Los blancos dientes de la aurora

Hay muchas mujeres así, te dicen; “Hoy no, pero mañana…”. Al día siguiente “No, hoy…no puedo, mañana seguro” y así… y uno espera. Y desespera. Se ilusiona.

   ¿En qué momento el deseo se convierte en capricho? ¿Y el capricho en odio? El odio no nace sin causa o por generación espontánea, no es primigenio, sino una reacción o un aprendizaje, porque el odio se puede enseñar y aprender; lo demuestran todas las revoluciones habidas y por haber que, inspiradas en alguna idea más o menos justa, fueron motorizadas y movidas por el odio pregonado; a los negros, a los judíos, a los ricos. Para odiar no hace falta un motivo, basta con inventar uno.

   Como la indiferencia es estéril, el aborrecimiento no es más que la mutación del amor en su contrario. Nada se odia más que aquello que ha sido amado. La indolencia es su único antídoto. Ya se ha dicho: no hay mayor venganza que el olvido.

 “De no haberte querido, sería incapaz de odiarte. La fuente que alimenta mi rencor es el amor que nos tuvimos”. De éste jaez son las conclusiones de una educación esparcida, rústica y elemental en que se mezclan, en desigual proporción, vulgaridades ramplonas con filosofía de bar y silogismos de cerveza. El machismo no es sólo una falta en la  educación; es una cultura. El mayor complejo de inferioridad.
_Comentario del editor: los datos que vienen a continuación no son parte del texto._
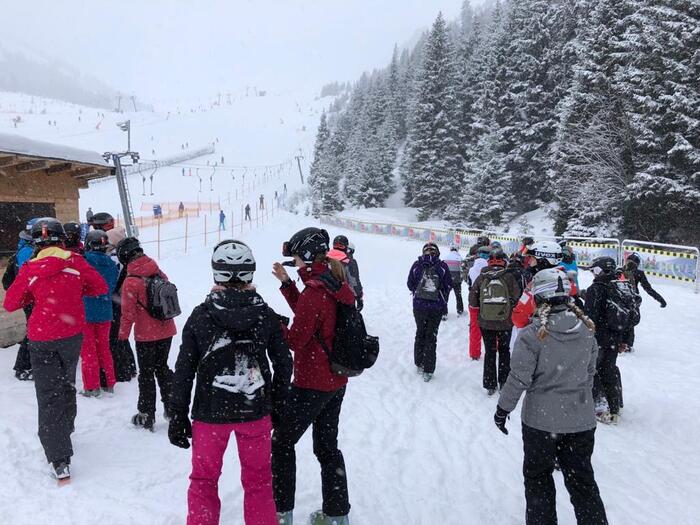 Endlich stand der große Tag an: In der Nacht von Freitag, den 11. Januar auf Samstag, den 12. Januar, begann die große Reise in das Zillertal für 22 Schülerinnen und Schüler des Skikurses von Herrn Oevermann sowie 10 Teilnehmerinnen und Teilnehmer des P5-Kurses von Frau Lucassen. Begleitet wurde dieses Team von den „Star-Coaches“ Herrn Suttrup und Frau Kolbeck. Nach einer anstrengenden Busfahrt und der Skiausleihe erreichten alle mehr oder weniger ausgeschlafen die Unterkunft in Uderns. Das Personal des Hotels Erzherzog Johann begrüßte alle sehr freundlich, allerdings erreichte die Lehrerinnen und Lehrer die Nachricht, dass die Vorbewohner des Hotels die Zimmer in solch einem Zustand verließen, dass die Aufräumarbeiten noch andauern würden. Das bedeutete Wartezeit, doch nach einigen Einkäufen, vielen Kartenspielrunden und ein paar Schläfchen konnten schließlich alle Zimmer bezogen werden. Nach einem ausgiebigen Abendessen gingen alle gespannt ins Bett und freuten sich auf den nächsten Morgen: den ersten Skitag.

   El odio acumulado se deposita y concentra en los huesos y si no se disipa explota en la cabeza. Mal. Muy mal. Ya verán ustedes.

   La impaciencia es una de las peores enemigas del corazón. Bueno, digo corazón para no ser grosero. Ya comprenden a qué me refiero. Además, ¿quién no lo sabe? no hay mujeres imposibles; solo hay hombres impacientes.

   ¿Alguna vez habrán de entender mis zopencos congéneres que el eterno femenino tiene sus tiempos: “Cuando yo quiero, pobre de ti si no estás listo  y me fallas. Cuando yo no quiero ¡ni te me acerques! ¡Calentón, manejado por su pene!” Las ganas se justifican con el instinto. La inapetencia con la razón. La razón, esa fuente de toda impotencia.

   Hay un tiempo para todo, dice el Eclesiastés; y las mujeres. Pero, nosotros no. Siempre es el momento para eso. Todas las veces. Todo el día. En cualquier lugar. Además, algún oscuro albur del Cosmos ha hecho que las más bellas, las irresistibles, las hermosas de cuerpos perturbadores, las sensuales maravillas que quitan el sueño, sean irredimiblemente tontas. No puede ser más linda ni más idiota. Lo han visto y comprobado ¿no?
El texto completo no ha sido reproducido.